BRUTE-FORCE SUBSTRING SEARCH
In this article we are going to consider the naive substring search algorithm: the so-called brute-force substring search. What is the aim of substring search? As the name suggests, we want to find a given pattern in a given text. String matching is important for text processing. By the way, every modern progpramming language has several functions for text processing that can be helpful. But it may be useful to understand the principles.

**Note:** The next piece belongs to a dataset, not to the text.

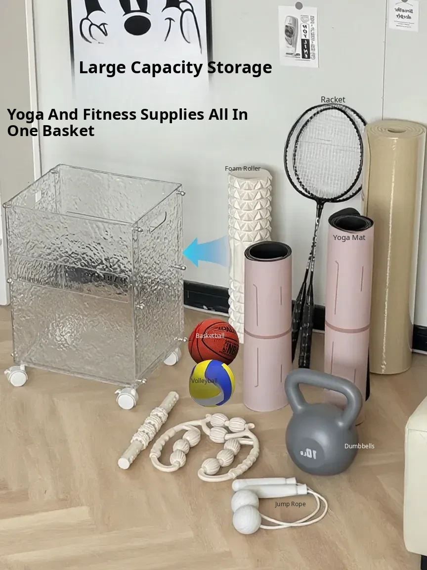 Yoga Mat Storage Basket - Portable Fitness Equipment Organizer with Universal Wheels, Perfect for Home Gym and Sports Gear!

We just have to check every single character from the text to match against the pattern. The algorithm keeps iterating through the text and if there is a mismatch, we shift the pattern one step to the right. It is very intuitive, on the other hand it is extremely inefficient. Especially when there are a lot of matching prefixes.
The principle of brute-force search is quite simple. We check whether the actual character in the text matches the give character in the pattern. So, let’s see the concrete illustration how brute-force substring search works.
So here is the implementation for brute-force substring search. We have the ‘text’ and the ‘pattern’ we are looking for. We have a nested for loop: first we iterate through the characters of the text and on every iteration we have to check the characters in the pattern accordingly. If j == lengthOfPattern it means that we found the pattern.
What is the main problem concerning the running time of brute-force substring search algorithm? The algorithm needs backup for every mismatch. If there is a mismatch, we jump back to the next character in the text. So there are lots of compares of characters. If we have a text with length N and a pattern with length M, then the running time is O(N*M). Despite of this, there are some advantages. It does not need any extra memory. More important, it does not require pre-processing the text. The ultimate question: can we do better? Yes, we can with Boyer-Moore algorithm.